Create a sh file and put the code in it. Then put this sh file in /etc/profile.d/ folder.
Note: create this sh file using the root user.
Once your instance is created, this sh file will automatically run and creates the environment variable for you and this environment variable will be accessible to all the users.

How to set up and use EC2 CLI on Mac?

I am stuck at using Amazon EC2 CLI.
I have downloaded the Command Line Tools from
http://aws.amazon.com/developertools/351.
I placed the bin and lib folder into my Amazon project folder: /Users/Invictus/EC2
I downloaded the cert-xxxx.pem and pk-xxx.pem into the same folder.
Created a .bash_profile in the same folder.
I tried to execute ec2-describe-images -o amazon after I moved to cd /Users/Invictus/EC2.
The system does not recognise the command: command not found.
If I try to execute the same command inside the bin folder, the result is the same.
My .bash_profile:
export EC2_HOME=~/.EC2
export PATH=$PATH:$EC2_HOME/bin
export EC2_PRIVATE_KEY=`ls $EC2_HOME/pk-*.pem`
export EC2_CERT=`ls $EC2_HOME/cert-*.pem`
export JAVA_HOME=/System/Library/Frameworks/JavaVM.framework/Home/
Where did I make a mistake?
My aim is to connect to the launched instance and be able to execute commands there from my local machine.
I have Java installed.
The newer AWS Unified CLI Tools is much, much easier to set up.

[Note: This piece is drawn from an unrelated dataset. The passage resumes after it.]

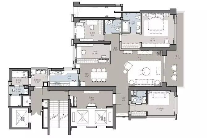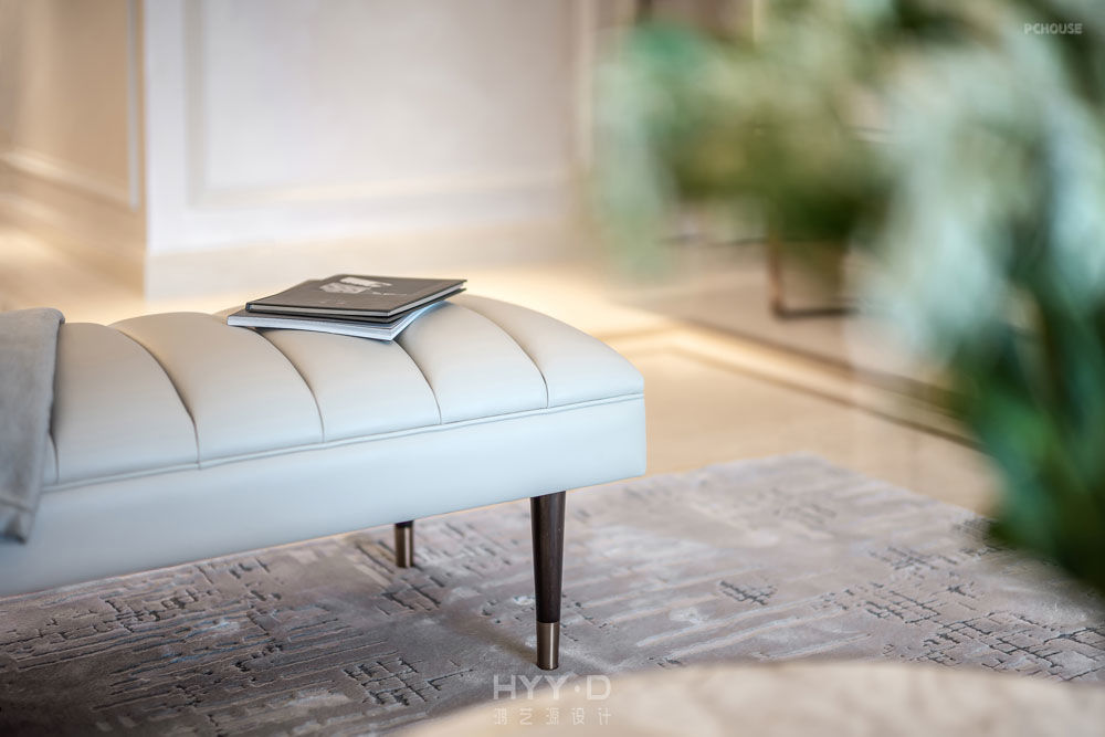 家具家私等采用拉扣工艺,例如客厅沙发、条凳、餐椅、主卧床具等,增加了细节性,同时也丰富了空间的层次感。

All you need is Python, which comes built-in to every Mac.
Here are a few things I can think of:
Your .bash_profile should be in /Users/Invictus/ , not /Users/Invictus/EC2. Move it to your home directory and log off and log back in (or restart your machine) and see if it picks up the right path.
Instead of ec2-describe-images, can you run it as "./ec2-describe-images" - does that work? If not, can you check the permissions on that script?